Menggagas Platform Kebaikan & Pergerakan

(Catatan Perjalanan Bdg-Jkt-BSD Part 4/10)

Saya sempat bersilaturahmi dengan Ustadz Rendy Saputra di Bandung beberapa hari lalu. Banyak hal kita diskusikan. Satu hal yang kita sepakati adalah keyakinan bahwa DNA berbagi kawan2 kita sebenarnya besar. Yang diperlukan adalah medium untuk channeling DNA berbagi tersebut. Dalam lingkup yang lebih besar, yang diperlukan adalah platform untuk kebaikan dan pergerakan bersama.

Dan Ustadz Rendy telah menciptakan satu medium untuk berbagi yang menyasar kebutuhan paling dasar yaitu pangan. Melalui wadah Berkah Box, beliau menghimpun donasi dalam unit kecil (10ribu rupiah) untuk disalurkan dalam bentuk box makanan secara langsung. Saat ini beliau tinggal di Bandung sembari mengasuh berbagai majelis ta’lim dan komunitas dakwah.

Medium serupa namun untuk berbagi waktu (volunteer) saya temukan di Charlottesville, kota tempat saya tinggal di Amerika. Charlottesville termasuk kota tujuan pencari suaka (refugee). Banyak sekali refugee yang datang dan tak bisa berbahasa Inggris. Organisasi LVCA (Literacy Volunteer Charlottesville/Albemarle) memiliki misi untuk mengumpulkan para volunteer yang mau mengajari para refugee bahasa Inggris. Para volunteer bisa mendonasikan waktunya meski hanya 1 jam per minggu.

Jika berkah box mengumpulkan donasi uang dalam unit kecil (10 ribu), LVCA mengumpulkan donasi waktu dalam unit kecil (1 jam per minggu), Wikipedia juga mengumpulkan donasi pengetahuan dalam unit kecil (artikel).

Pada intinya, kita perlu satu platform yang memiliki berbagai medium sebagai sarana berbagi, entah uang, waktu, pengetahuan atau bahkan jejaring.

****

Perjumpaan saya dengan kawan2 lain beberapa hari lalu tak bisa lepas dari perbincangan ketika kami menjadi tim sukses dalam ajang pemilu IA ITB dua tahun lalu. Tak bisa dinafikan bahwa ada kerinduan dan kenangan indah yang ingin diulang ketika dua tahun lalu kami bereksperimen dengan ide yang tak lazim.

Holacracy, demikian label yang diusung oleh kandidat Saska. Ustadz Rendy menyebutnya sebagai gerakan Demokrasi tanpa bandar. Selama 3 bulan kami membangun jejaring alumni ITB (mayoritas generasi milenial dan genZ) secara organik hingga terkumpul ~5700 suara meski tanpa modal yang memadai.

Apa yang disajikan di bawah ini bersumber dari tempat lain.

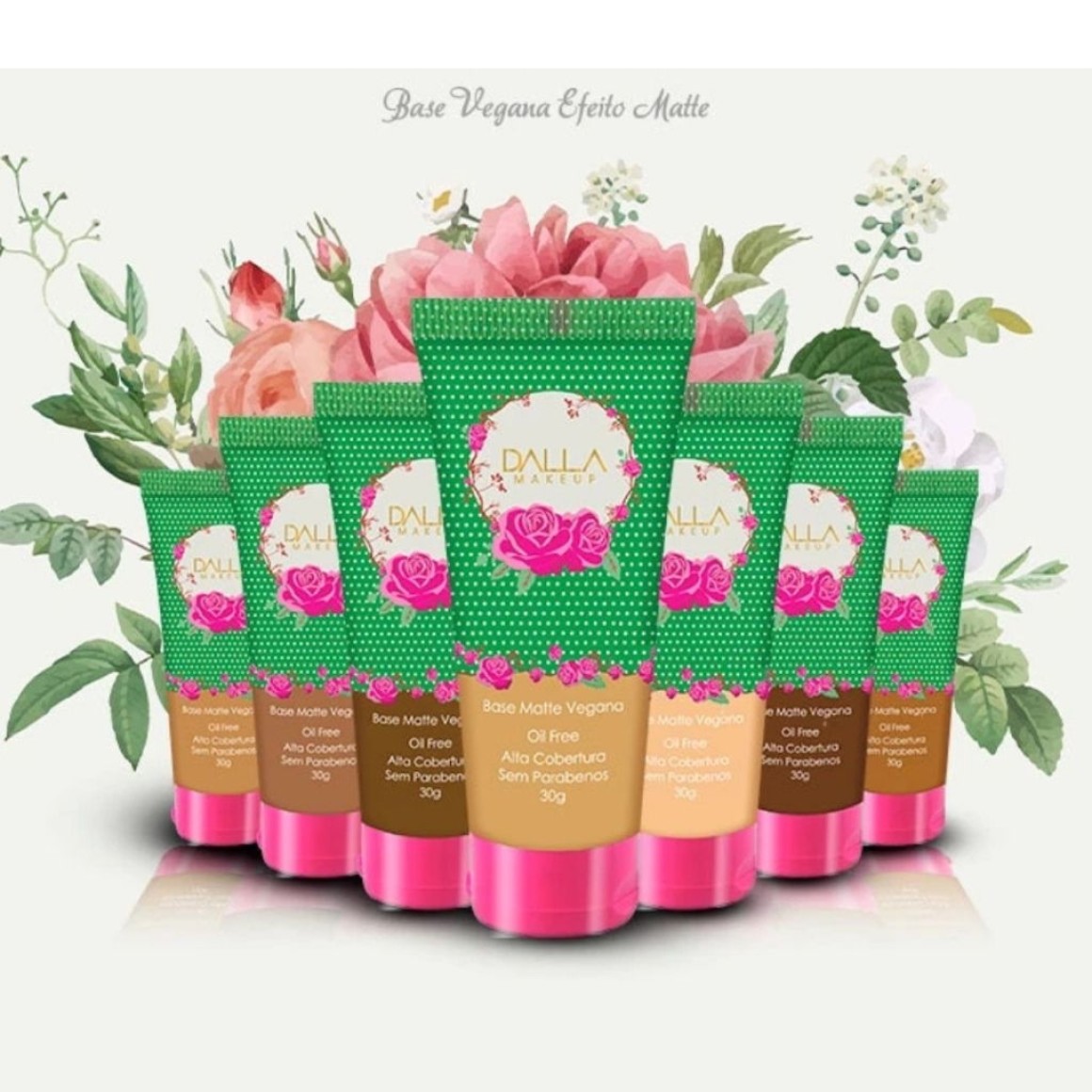 A Base Líquida Matte de Alta Cobertura da Dalla Makeup é Oil Free e possui acabamento matte com toque aveludado, é fácil de aplicar e construir camadas e auxilia no disfarce de olheiras, poros e linhas de expressão. Tem longa duração, proporcionando uma pele perfeita por muito mais tempo. É uma base Vegana, ou seja, não tem ingredientes de origem animal em sua composição e, também, é Cruelty Free, não foi testada em animais. Disfarçando desde olheiras até pequenas imperfeições. É uma base que pode ser construída em camadas, para um efeito mais intenso. A Base Matte Oil Free Dalla Makeup, foi criada para atender diversos tons de peles.

Pada akhirnya kami kalah, namun banyak sekali berkah dari momen tersebut. Saya mengibaratkan seperti project pendaratan manusia ke Bulan. Secara harfiah, tidak ada yang bisa dimanfaatkan dari batuan bulan. Namun, project Apollo berhasil membentuk supply chain research serta industri pendukung yang kokoh di Amerika.

Berkah dari momen pemilu 2 tahun lalu adalah terbentuknya jejaring informal ribuan alumni terutama kelompok profesional termasuk diaspora dari berbagai benua (pemilu dua tahun lalu melibatkan kandidat yang tinggal di bandung, ketua timses di Amerika, ketua tim branding di Jerman, koordinator angkatan 201X di Jepang dan koordinator lain ada di timur tengah).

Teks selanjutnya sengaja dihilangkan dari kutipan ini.